**Problem**
Make an exact copy of all the records that follow, apart from the pictures.

**Information**
-------------------------

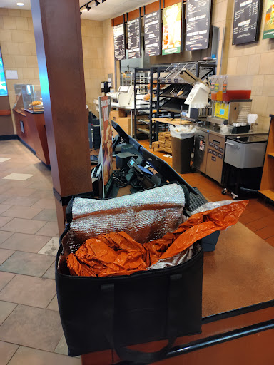 An bizarre lunch at Panera! We ordered from the somewhat confusing overhead menu. Our questions were answered briefly with a somewhat curt reply by the counter associate. Food was ready in a timely manner and picked up at a window. My order was incorrect and was rectified with a return trip to the pick-up window. I had no utensils or napkins, so another trip to the window was needed. I was informed that the napkins were low in supply, so I was only given one per person. Our table was the nearest table to the beverage area. We heard a noise, and the lemonade-tea machine was emptying, pumping sticky beverage all over the counter, dripping down the cabinet and heading straight for our table. We alerted a staff 6 set out chairs around the ever widening area, but no one was able to get their beverages. Finally, a staff member appeared with a wet-dry vacuum while the machine continued to empty. An older diner became upset and berated the staff for using the loud vac and disrupting his lunch, obviously not sensing the reason for the vacuum. Back to lunch, I discovered a hair dryly stuck to the inside of my soup bowl! Another trip to the window, where I was given another bowl of soup, which was very delicious and hot. I inquired about a to-go box while back at the window but was told the restaurant was out. The staff wrapped my untouched sandwich and bagged it for me at the window. Overall, the food was good, the staff were fair in executing their duties, and I grew very embarrassed with my continued need to go to the window on countless occasions.
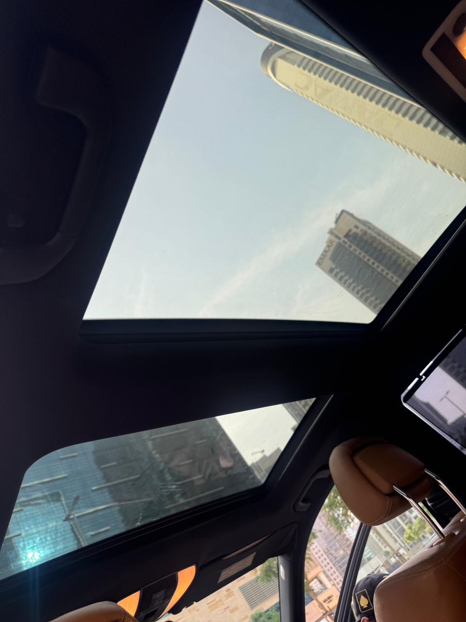 Tan leather interior gives it a classic luxury feel.
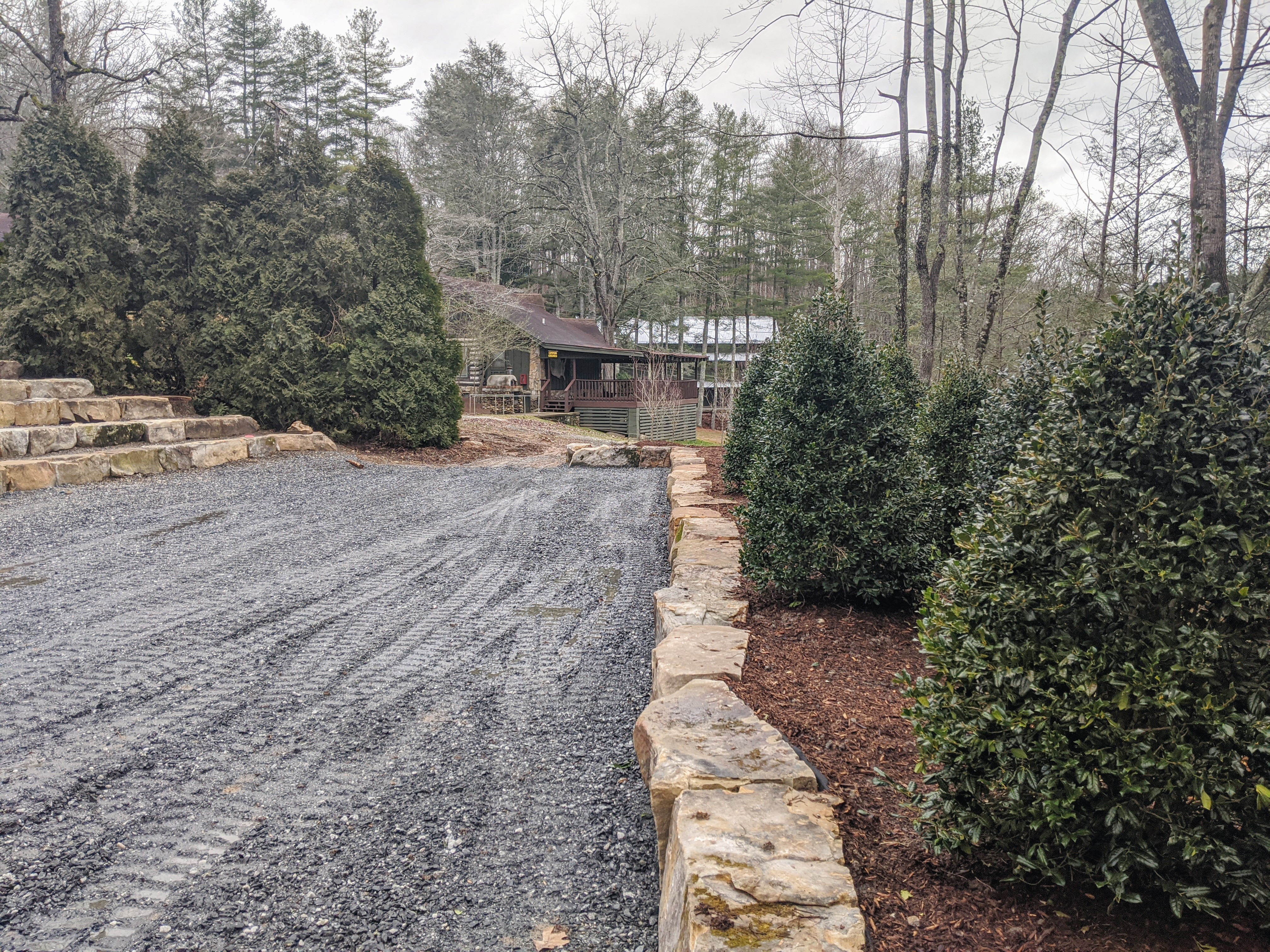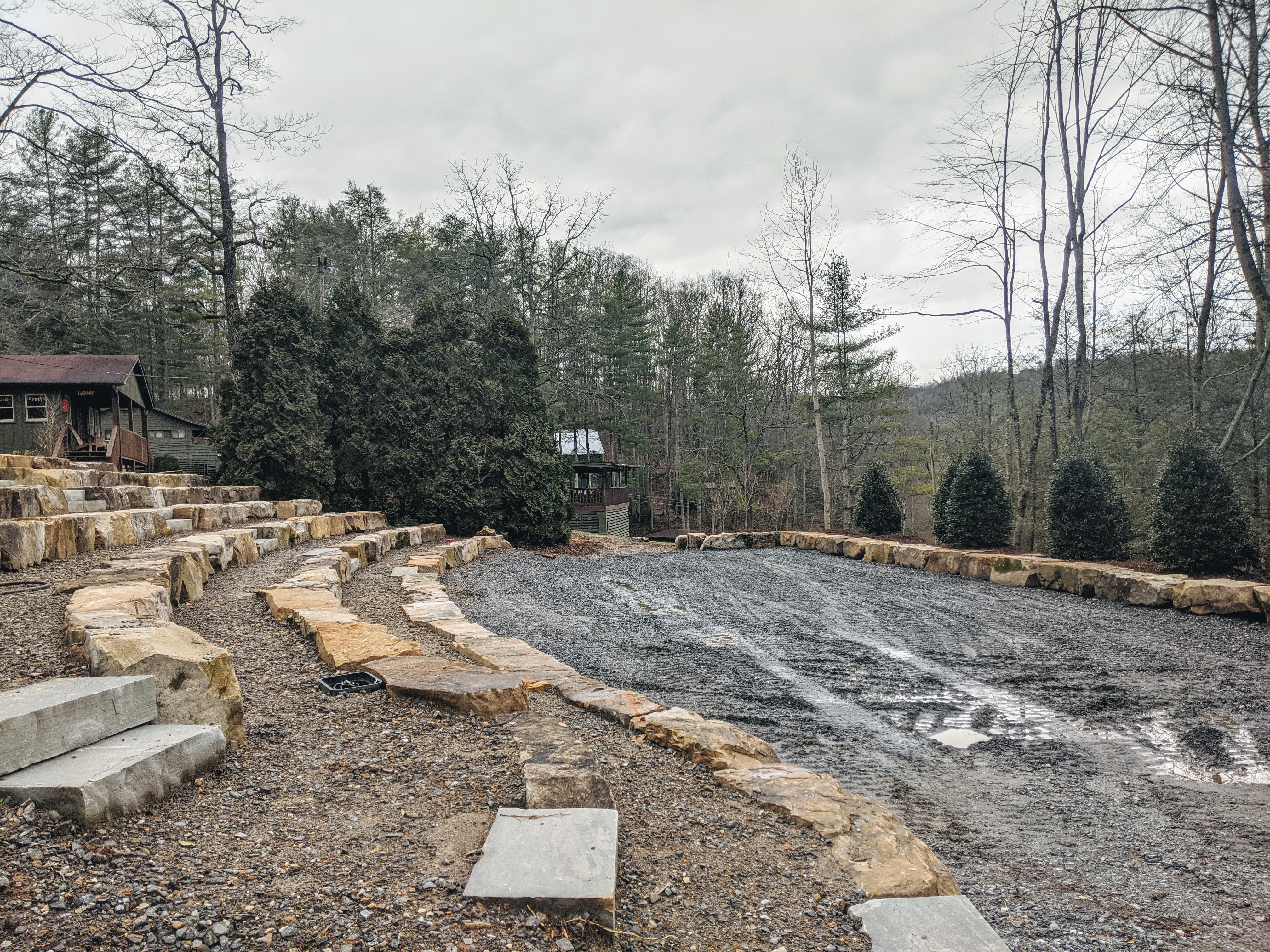 Below, you can see the very beginning of the Gratitude Grove (the area just above the Assembly Court, between the Summer Office and Camp Store). And check out the view from up top! Even the backdrop has been improved with a stone wall and a row of evergreens … although, sadly, we are NOT opening a Christmas tree farm ;)
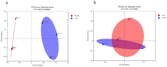 The similarity of species between female and functional male figs was further calculated by PCoA analysis (Figure 4a,b). Bacteria are disparate in two types of figs; however, fungi are overlapped. The results of PERMANOVA analysis between different groups are similar to that of PCoA (Table S3). For bacteria, the R2 value between female and functional male figs is the highest (R2 = 0.5908), showing bacteria community divided by gender is more reliable than any other grouping modes, while for fungi it seems that communities do not vary with the fig’s gender.
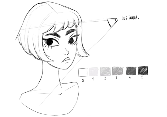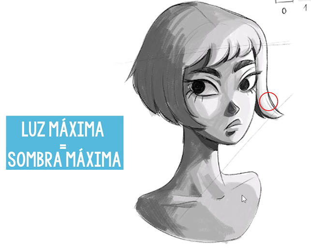 Otra cosa que debemos tener en cuenta es que las luces máximas, representadas con los blancos más puros, siempre estarán en los elementos más cercanos a la fuente de luz. En el caso de nuestro dibujo, si bien el hombro también está bastante iluminado, su luz no puede ser tan clara como la del rostro o la de los mechones del pelo más cercanos al foco.
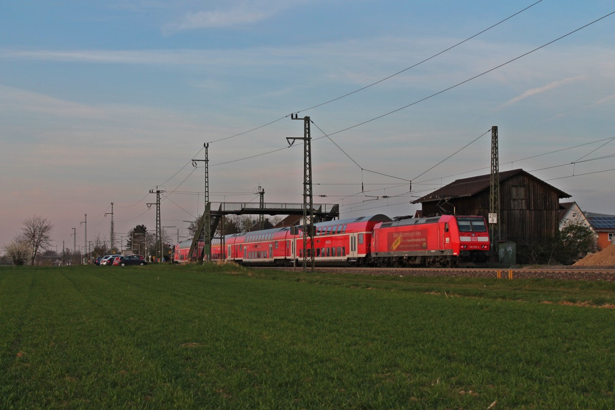 Durchfahrt am 29.03.2014 von 403 558-0 "St.Ingbert" zusammen mit 403 522-6 "Solingen" als ICE 109 (Dortmund Hbf - Basel SBB) im Hp Auggen seinem Ziel entgegen.
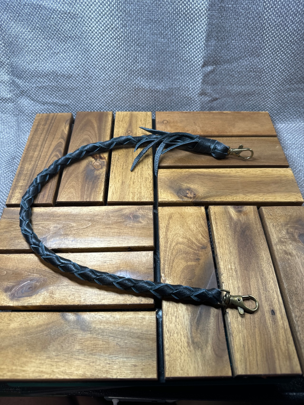四つ編み ストラップは、牛革製のウォレットチェーン。個性的な四つ編みデザインがアクセントになり、おしゃれさを演出します。シンプルなウォレットに付けるだけで、一気にスタイリッシュな雰囲気に仕上げることができます。手触りの良い牛革素材を使用しているので、長時間身につけていても快適な着用感が楽しめます。
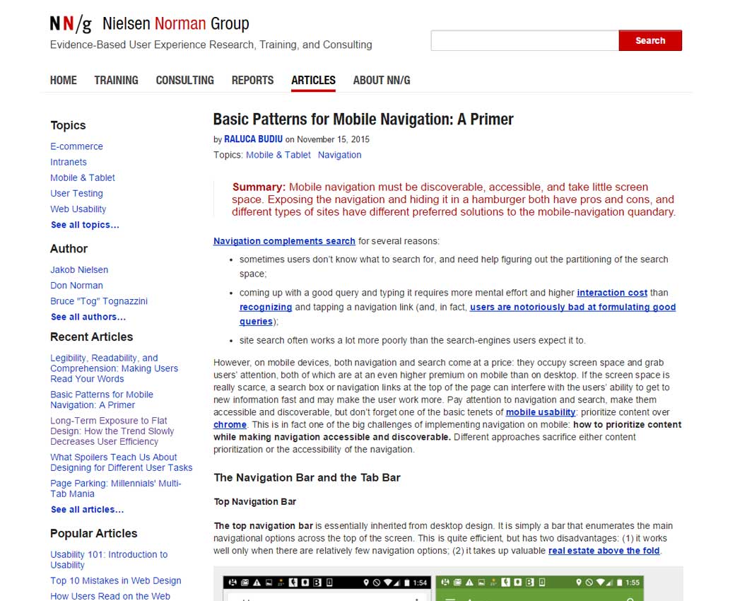 Basic Patterns for Mobile Navigation: A Primer, une analyse de différents patterns mobile et comment les utiliser à bon escient

-------------------------

**Your response**
 An bizarre lunch at Panera! We ordered from the somewhat confusing overhead menu. Our questions were answered briefly with a somewhat curt reply by the counter associate. Food was ready in a timely manner and picked up at a window. My order was incorrect and was rectified with a return trip to the pick-up window. I had no utensils or napkins, so another trip to the window was needed. I was informed that the napkins were low in supply, so I was only given one per person. Our table was the nearest table to the beverage area. We heard a noise, and the lemonade-tea machine was emptying, pumping sticky beverage all over the counter, dripping down the cabinet and heading straight for our table. We alerted a staff 6 set out chairs around the ever widening area, but no one was able to get their beverages. Finally, a staff member appeared with a wet-dry vacuum while the machine continued to empty. An older diner became upset and berated the staff for using the loud vac and disrupting his lunch, obviously not sensing the reason for the vacuum. Back to lunch, I discovered a hair dryly stuck to the inside of my soup bowl! Another trip to the window, where I was given another bowl of soup, which was very delicious and hot. I inquired about a to-go box while back at the window but was told the restaurant was out. The staff wrapped my untouched sandwich and bagged it for me at the window. Overall, the food was good, the staff were fair in executing their duties, and I grew very embarrassed with my continued need to go to the window on countless occasions.
 Tan leather interior gives it a classic luxury feel.
 Below, you can see the very beginning of the Gratitude Grove (the area just above the Assembly Court, between the Summer Office and Camp Store). And check out the view from up top! Even the backdrop has been improved with a stone wall and a row of evergreens … although, sadly, we are NOT opening a Christmas tree farm ;)
 The similarity of species between female and functional male figs was further calculated by PCoA analysis (Figure 4a,b). Bacteria are disparate in two types of figs; however, fungi are overlapped. The results of PERMANOVA analysis between different groups are similar to that of PCoA (Table S3). For bacteria, the R2 value between female and functional male figs is the highest (R2 = 0.5908), showing bacteria community divided by gender is more reliable than any other grouping modes, while for fungi it seems that communities do not vary with the fig’s gender.
 Otra cosa que debemos tener en cuenta es que las luces máximas, representadas con los blancos más puros, siempre estarán en los elementos más cercanos a la fuente de luz. En el caso de nuestro dibujo, si bien el hombro también está bastante iluminado, su luz no puede ser tan clara como la del rostro o la de los mechones del pelo más cercanos al foco.
 Durchfahrt am 29.03.2014 von 403 558-0 "St.Ingbert" zusammen mit 403 522-6 "Solingen" als ICE 109 (Dortmund Hbf - Basel SBB) im Hp Auggen seinem Ziel entgegen.
四つ編み ストラップは、牛革製のウォレットチェーン。個性的な四つ編みデザインがアクセントになり、おしゃれさを演出します。シンプルなウォレットに付けるだけで、一気にスタイリッシュな雰囲気に仕上げることができます。手触りの良い牛革素材を使用しているので、長時間身につけていても快適な着用感が楽しめます。
 Basic Patterns for Mobile Navigation: A Primer, une analyse de différents patterns mobile et comment les utiliser à bon escient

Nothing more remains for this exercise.